[Data provided — start]
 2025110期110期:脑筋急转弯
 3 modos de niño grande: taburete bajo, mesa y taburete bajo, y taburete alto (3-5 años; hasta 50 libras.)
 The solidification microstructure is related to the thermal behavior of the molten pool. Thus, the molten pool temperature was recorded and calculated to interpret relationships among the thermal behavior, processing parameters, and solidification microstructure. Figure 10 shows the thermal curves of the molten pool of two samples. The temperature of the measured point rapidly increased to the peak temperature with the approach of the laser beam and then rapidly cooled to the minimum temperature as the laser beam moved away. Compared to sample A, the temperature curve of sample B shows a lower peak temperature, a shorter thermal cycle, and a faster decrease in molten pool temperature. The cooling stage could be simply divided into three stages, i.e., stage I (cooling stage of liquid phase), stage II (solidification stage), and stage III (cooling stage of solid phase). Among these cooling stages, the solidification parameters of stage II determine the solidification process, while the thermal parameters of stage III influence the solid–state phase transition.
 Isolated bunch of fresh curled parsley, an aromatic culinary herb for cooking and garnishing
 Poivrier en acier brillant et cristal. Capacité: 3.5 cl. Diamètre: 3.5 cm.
[Data provided — finish]
[Data provided — start]
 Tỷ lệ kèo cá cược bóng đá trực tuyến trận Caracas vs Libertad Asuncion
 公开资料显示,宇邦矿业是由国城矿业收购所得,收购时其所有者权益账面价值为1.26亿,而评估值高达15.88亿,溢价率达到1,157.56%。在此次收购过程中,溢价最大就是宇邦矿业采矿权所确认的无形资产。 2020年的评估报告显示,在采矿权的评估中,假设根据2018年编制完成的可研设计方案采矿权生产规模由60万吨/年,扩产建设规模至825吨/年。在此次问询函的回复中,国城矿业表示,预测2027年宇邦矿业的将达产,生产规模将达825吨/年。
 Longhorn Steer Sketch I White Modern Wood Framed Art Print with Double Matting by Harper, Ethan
[Data provided — finish]
[Data provided — start]
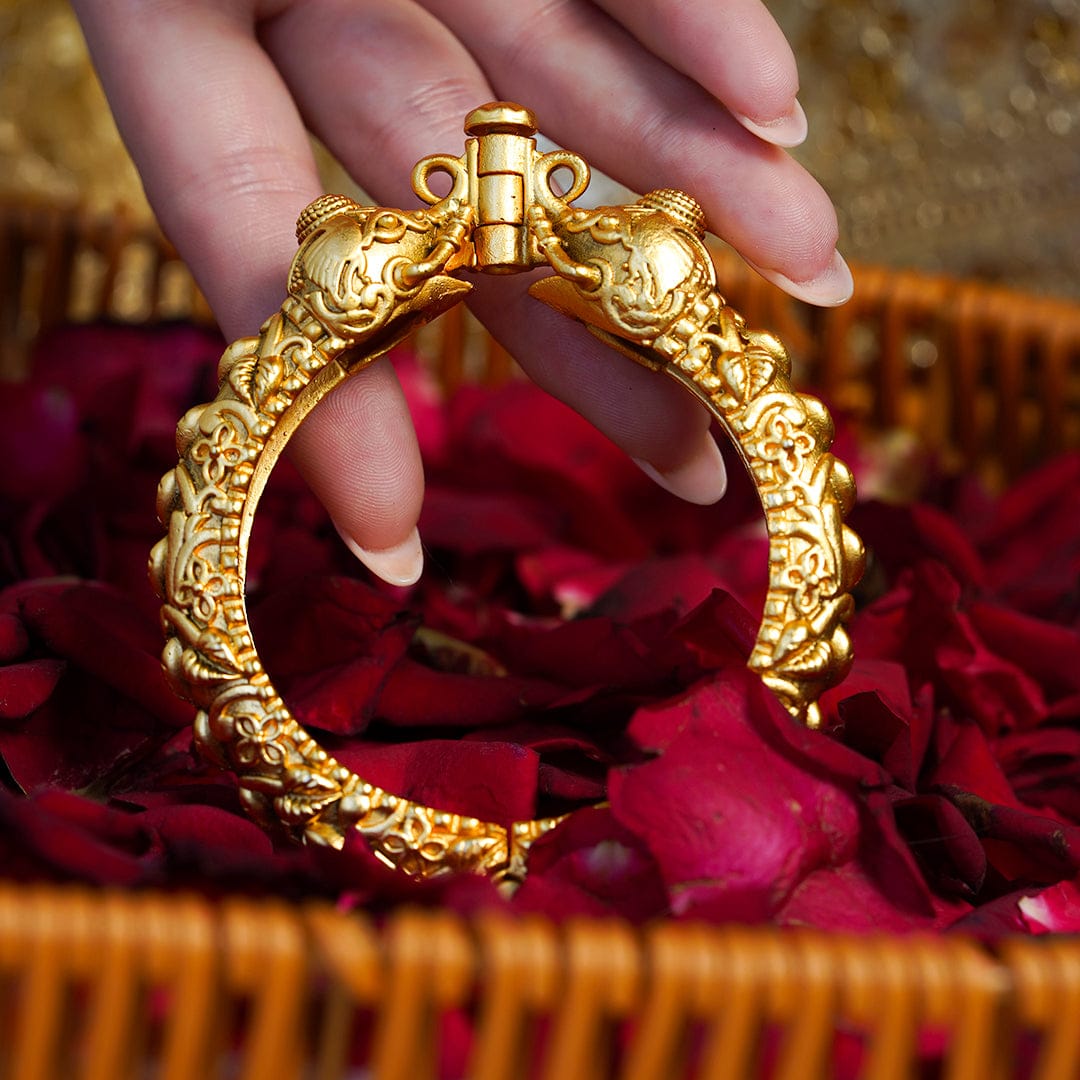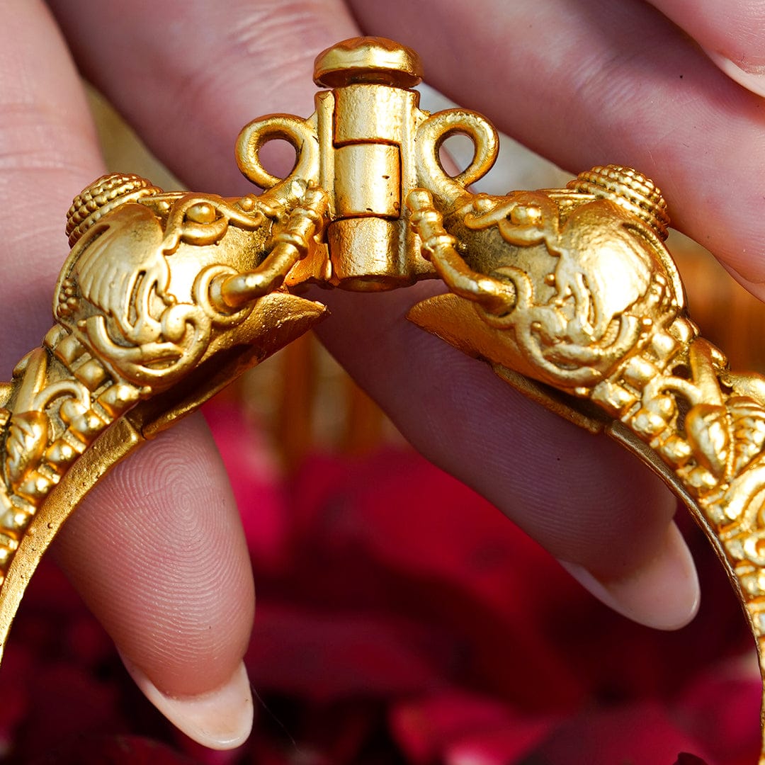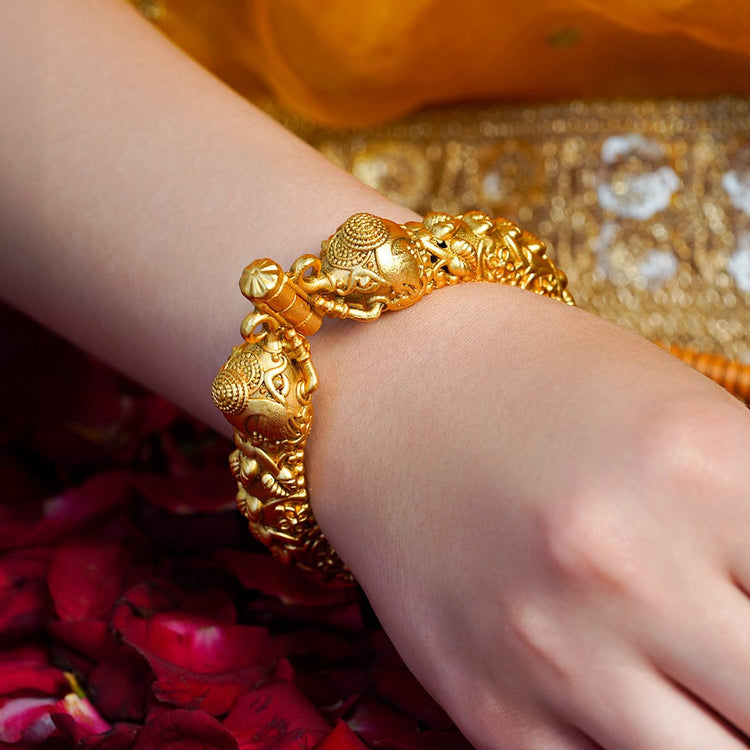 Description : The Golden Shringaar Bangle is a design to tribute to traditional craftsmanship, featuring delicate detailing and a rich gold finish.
[Data provided — finish]
Exercise objective — Your job is to return all lines above that hold the word "with".

Response area —
 The solidification microstructure is related to the thermal behavior of the molten pool. Thus, the molten pool temperature was recorded and calculated to interpret relationships among the thermal behavior, processing parameters, and solidification microstructure. Figure 10 shows the thermal curves of the molten pool of two samples. The temperature of the measured point rapidly increased to the peak temperature with the approach of the laser beam and then rapidly cooled to the minimum temperature as the laser beam moved away. Compared to sample A, the temperature curve of sample B shows a lower peak temperature, a shorter thermal cycle, and a faster decrease in molten pool temperature. The cooling stage could be simply divided into three stages, i.e., stage I (cooling stage of liquid phase), stage II (solidification stage), and stage III (cooling stage of solid phase). Among these cooling stages, the solidification parameters of stage II determine the solidification process, while the thermal parameters of stage III influence the solid–state phase transition.
 Longhorn Steer Sketch I White Modern Wood Framed Art Print with Double Matting by Harper, Ethan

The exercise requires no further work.